> WHAT THE EXERCISE ASKS:
Except for images, print the whole listing verbatim.

> GIVEN DATA:
######

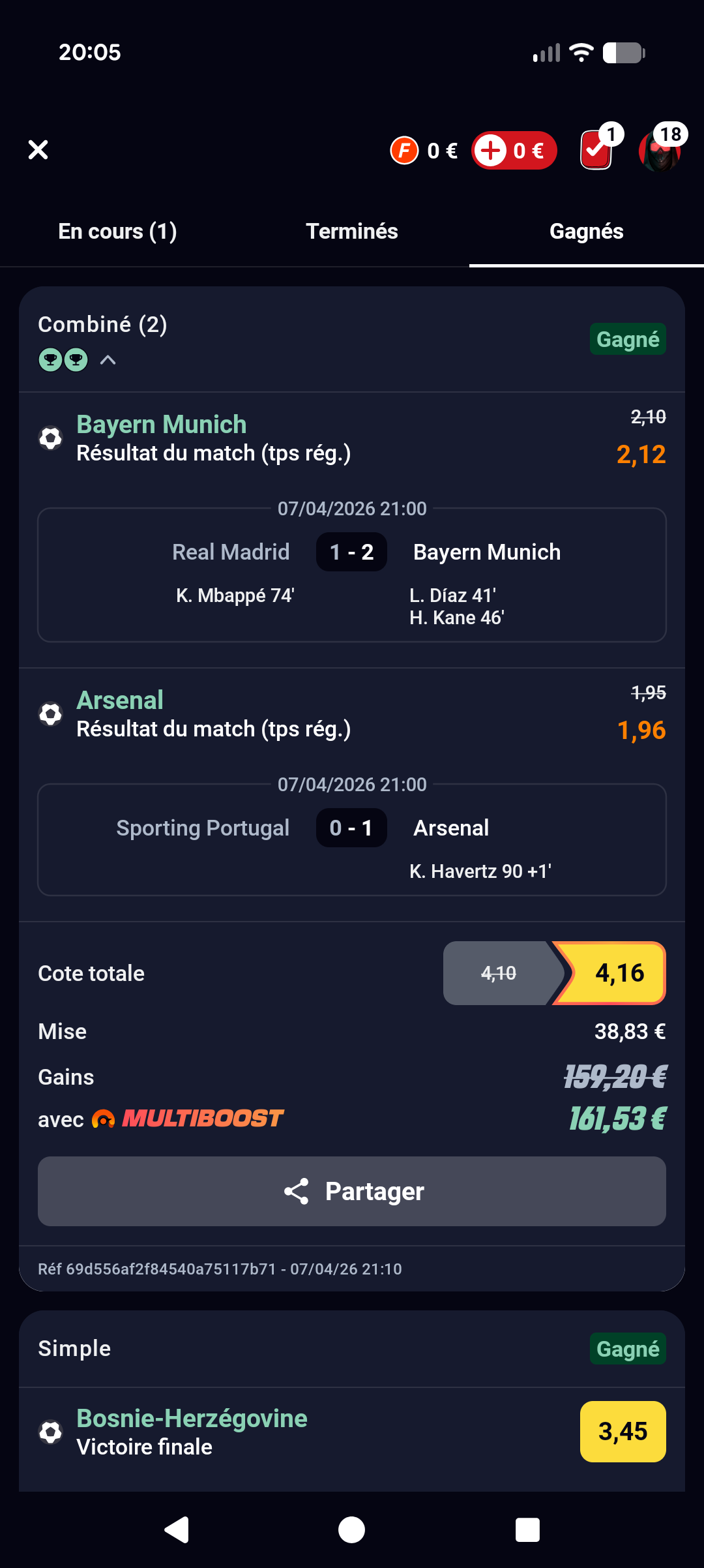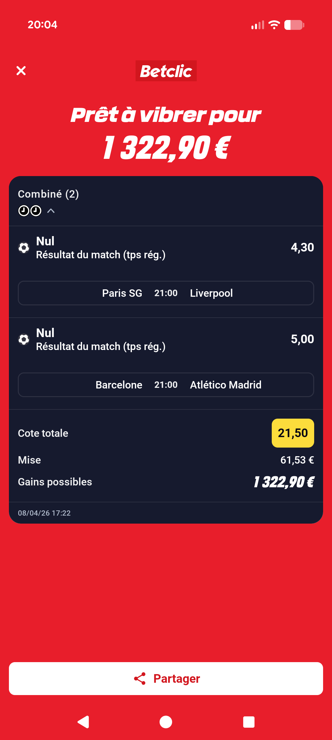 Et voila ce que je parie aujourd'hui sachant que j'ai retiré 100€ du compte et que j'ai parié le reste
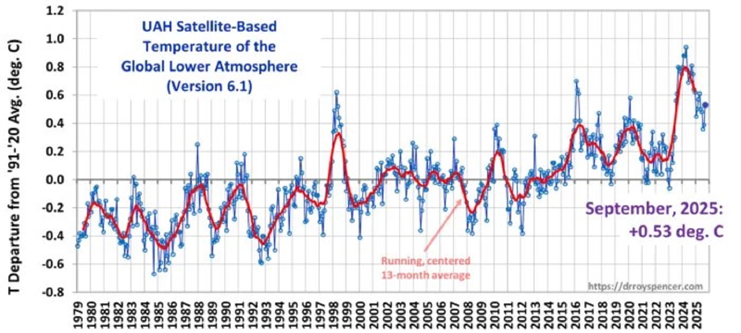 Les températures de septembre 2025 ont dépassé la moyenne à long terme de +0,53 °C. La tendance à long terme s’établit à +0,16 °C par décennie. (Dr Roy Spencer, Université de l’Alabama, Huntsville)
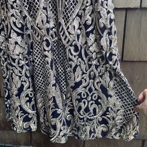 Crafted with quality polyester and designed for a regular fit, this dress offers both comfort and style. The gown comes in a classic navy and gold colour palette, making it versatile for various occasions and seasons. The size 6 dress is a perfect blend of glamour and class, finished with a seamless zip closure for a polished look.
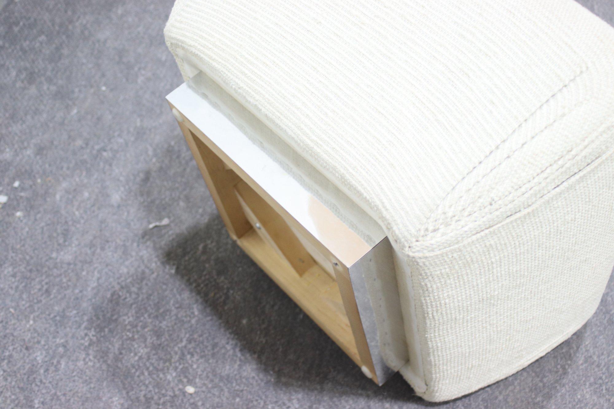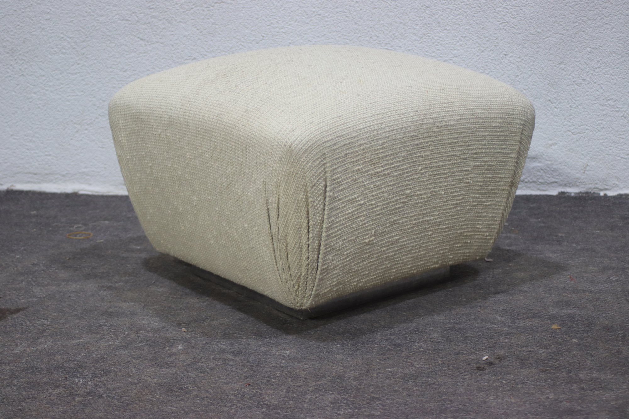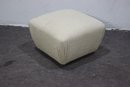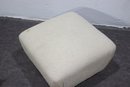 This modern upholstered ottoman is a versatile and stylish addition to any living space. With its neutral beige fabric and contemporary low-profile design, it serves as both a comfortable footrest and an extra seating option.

######

> RESPONSE:
 Et voila ce que je parie aujourd'hui sachant que j'ai retiré 100€ du compte et que j'ai parié le reste
 Les températures de septembre 2025 ont dépassé la moyenne à long terme de +0,53 °C. La tendance à long terme s’établit à +0,16 °C par décennie. (Dr Roy Spencer, Université de l’Alabama, Huntsville)
 Crafted with quality polyester and designed for a regular fit, this dress offers both comfort and style. The gown comes in a classic navy and gold colour palette, making it versatile for various occasions and seasons. The size 6 dress is a perfect blend of glamour and class, finished with a seamless zip closure for a polished look.
 This modern upholstered ottoman is a versatile and stylish addition to any living space. With its neutral beige fabric and contemporary low-profile design, it serves as both a comfortable footrest and an extra seating option.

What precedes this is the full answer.